Als besonders talentiert gelten Rumänen im Bereich IT. Zudem sprechen viele Arbeitnehmer eine weitere Fremdsprache, meist Englisch, Deutsch, Französisch oder Italienisch. Es gibt Studiengänge, die komplett in deutscher Sprache, unter anderem in den Städten Bukarest, Cluj-Napoca, Sibiu und Timisoara angeboten werden.
Die Kombination aus guten Fremdsprachen- und IT-Kenntnissen sowie vergleichsweise niedrigen Löhnen ist ein Grund dafür, dass viele Banken, IT-Firmen und andere Unternehmen ihre Kundenservicecenter nach Rumänien auslagern. Um dem Arbeitskräftedefizit beim IT-Outsourcing entgegenzuwirken, werben Unternehmen auch Arbeitskräfte aus Indien, Nepal, Pakistan, Sri Lanka, Vietnam oder den Philippinen an.
Unternehmen, die Mitarbeiter rekrutieren, sollten Anzeigen in diversen Fachportalen im Internet und in Zeitungen schalten sowie die Dienste von Personalvermittlern nutzen. Die Auslandshandelskammer (AHK) Rumänien hilft gegen Gebühr bei der Suche nach Fachpersonal.

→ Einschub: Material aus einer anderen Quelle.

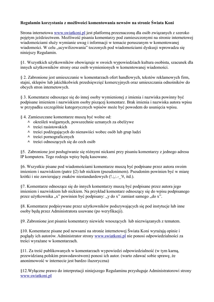 Regulamin korzystania z możliwości komentowania newsów na stronie Świata Koni Strona internetowa www.swiatkoni.pl jest platformą przeznaczoną dla osób związanych z szeroko pojętym jeździectwem. Możliwość pisania komentarzy pod zamieszczonymi na stronie internetowej wiadomościami służy wymianie uwag i informacji w temacie poruszanym w komentowanej wiadomości. W celu „ucywilizowania” toczonych pod wiadomościami dyskusji wprowadza się niniejszy Regulamin. §1. Wszystkich użytkowników obowiązuje w swoich wypowiedziach kultura osobista, szacunek dla innych użytkowników strony oraz osób wymienionych w komentowanej wiadomości. § 2. Zabronione jest umieszczanie w komentarzach ofert handlowych, tekstów reklamowych firm, stajni, sklepów lub jakichkolwiek przedsięwzięć komercyjnych oraz umieszczania odnośników do obcych stron internetowych. § 3. Komentarze odnoszące się do innej osoby wymienionej z imienia i nazwiska powinny być podpisane imieniem i nazwiskiem osoby piszącej komentarz. Brak imienia i nazwiska autora wpisu w przypadku szczególnie kategorycznych wpisów może być powodem do usunięcia wpisu. § 4. Zamieszczane komentarze muszą być wolne od: określeń wulgarnych, powszechnie uznanych za obelżywe treści rasistowskich treści podżegających do nienawiści wobec osób lub grup ludzi treści pornograficznych treści odnoszących się do cech osób §5. Zabronione jest posługiwanie się różnymi nickami przy pisaniu komentarzy z jednego adresu IP komputera. Tego rodzaju wpisy będą kasowane. §6. Wszystkie pisane pod wiadomościami komentarze muszą być podpisane przez autora swoim imieniem i nazwiskiem (patrz §2) lub nickiem (pseudonimem). Pseudonim powinien być w miarę krótki i nie zawierający znaków niestandardowych (!.;,:.-_'#, itd.). §7. Komentarze odnoszące się do innych komentarzy muszą być podpisane przez autora jego imieniem i nazwiskiem lub nickiem. Na przykład komentarz odnoszący się do wpisu podpisanego przez użytkownika „x” powinien być podpisany: „y do x” zamiast samego „do x”. §8. Komentarze podpisywane przez użytkowników podszywających się pod instytucje lub inne osoby będą przez Administratora usuwane (po weryfikacji). §9. Zabronione jest pisanie komentarzy niewiele wnoszących lub niezwiązanych z tematem. §10. Komentarze pisane pod newsami na stronie internetowej Świata Koni wyrażają opinie i poglądy ich autorów. Administrator strony www.swiatkoni.pl nie ponosi odpowiedzialności za treści wyrażane w komentarzach. §11. Za treść publikowanych w komentarzach wypowiedzi odpowiedzialność (w tym karną, przewidzianą polskim prawodawstwem) ponosi ich autor. (warto zdawać sobie sprawę, że anonimowość w internecie jest bardzo iluzoryczna) §12.Wyłączne prawo do interpretacji niniejszego Regulaminu przysługuje Administratorowi strony www.swiatkoni.pl §13. Administratorowi strony www.swiatkoni.pl przysługuje prawo do usuwania wpisów naruszających niniejszy Regulamin. W przypadkach powtarzającego się naruszania przez użytkownika postanowień niniejszego Regulaminu Administratorowi przysługuje prawo do czasowego lub stałego blokowania możliwości pisania komentarzy przez takiego użytkownika.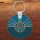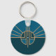 Chaveiro com um design com a bandeira de Lincoln, Nebraska. Uma bandeira azul e amarela

Unter zahlreichen Personalvermittlungsagenturen gibt es einige, die von Deutschen geführt werden, beispielsweise Stein & Partner und Transearch, sowie internationale (Amrop) oder rumänische Agenturen wie Total Business Solution. Bekannte Online-Stellenbörsen sind Bestjobs, eJobs, myjob, hipo.ro.